The Waiting Room
As a documentary about the raging inadequacies of our fatally flawed health-care system, The Waiting Room is blessed and cursed with an unmistakable timeliness, especially after Mitt Romney went on 60 Minutes and posited emergency rooms as a solution for the uninsured seeking medical care. Among its many other distinctions, The Waiting Room stands as a powerful refutation of Romney’s conception of emergency rooms as a reasonable, or even vaguely acceptable, option for the uninsured. It’s about good people making the best of circumstances that run the gamut from agonizingly difficult to impossible. It’s about what happens when the social safety net falls apart and the poor are forced to gamble their financial futures on the hope that a sometimes-terrifying bureaucracy will be able to help them and their families survive.

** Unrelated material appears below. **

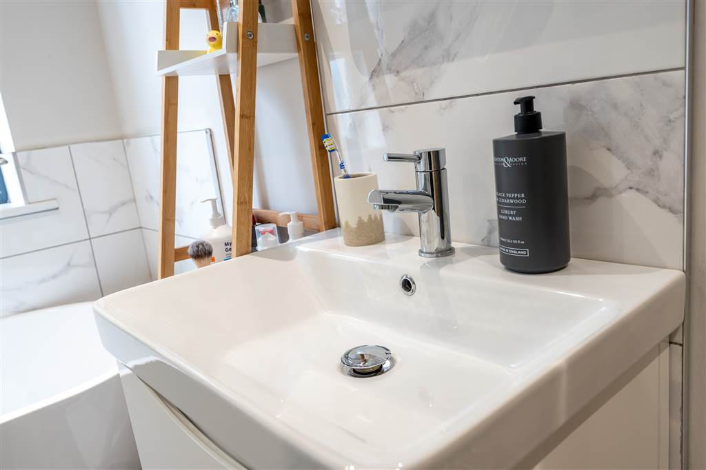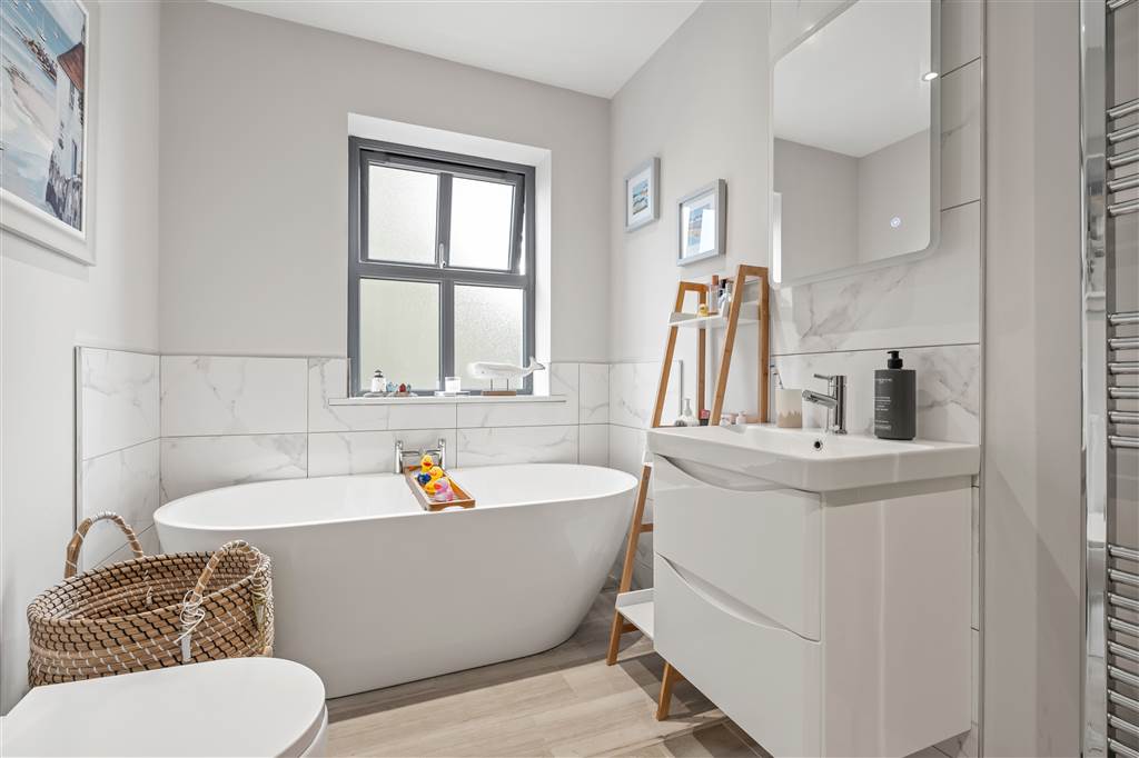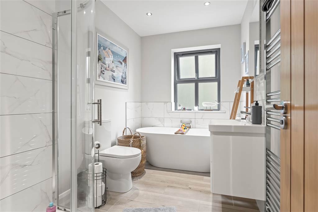 With 4-piece white suite comprising LFWC, WHB with built-in vanity unit, free-standing bath and shower to enclosed tiled corner cubicle. Heated towel rail. Spot lighting to ceiling. Splash back tiling. Tiled flooring.

The Waiting Room explores a broad cross-section of humanity through the patients who file through Oakland’s Highland Hospital in need of treatment. Those who come to Highland’s E.R. as a last option include a bohemian sort facing down his mortality in the form of a testicular tumor, a divorced couple putting aside their differences to care for their sick daughter, and a good-humored laborer whose painful, debilitating injuries threaten his livelihood and his ability to pay his mortgage.

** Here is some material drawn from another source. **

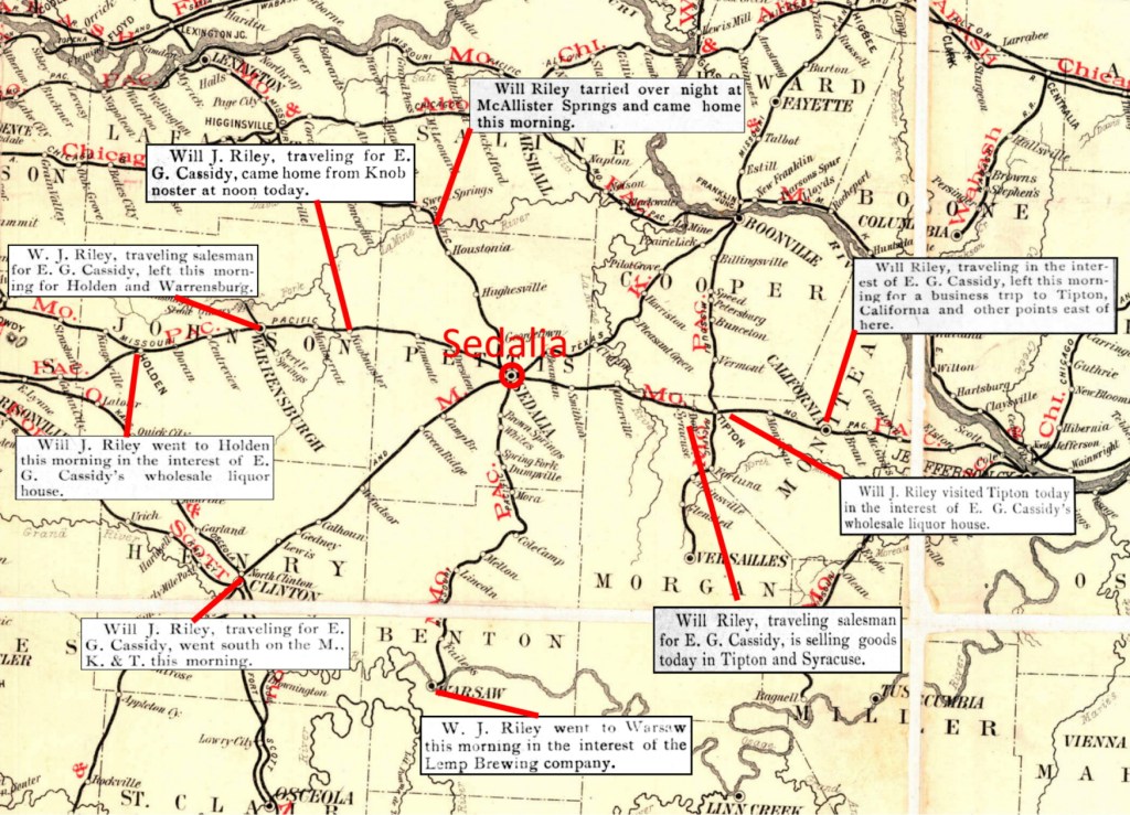 - News articles – Will Riley’s sales trips – The Sedalia Democrat – various dates during 1890s

While the patients of The Waiting Room are diverse in race, age, ethnicity, and gender, they all share a sense of desperation and vulnerability rooted in lacking the resources to pay for desperately needed procedures without risking penury. The Waiting Room is quietly rich in comedy, drama, and humanity as it respectfully watches its subjects cope with their difficult circumstances with a combination of gallows humor, faith, and dogged determination. Director Peter Nicks puts faces, names, and heartbreakingly relatable stories to a social problem that can all too often feel abstract and academic. His film isn’t just a timely and compelling look into how our health-care system consistently, methodically fails the poor: It’s a tribute of the resilience and dignity of the human spirit without being sappy or sentimental.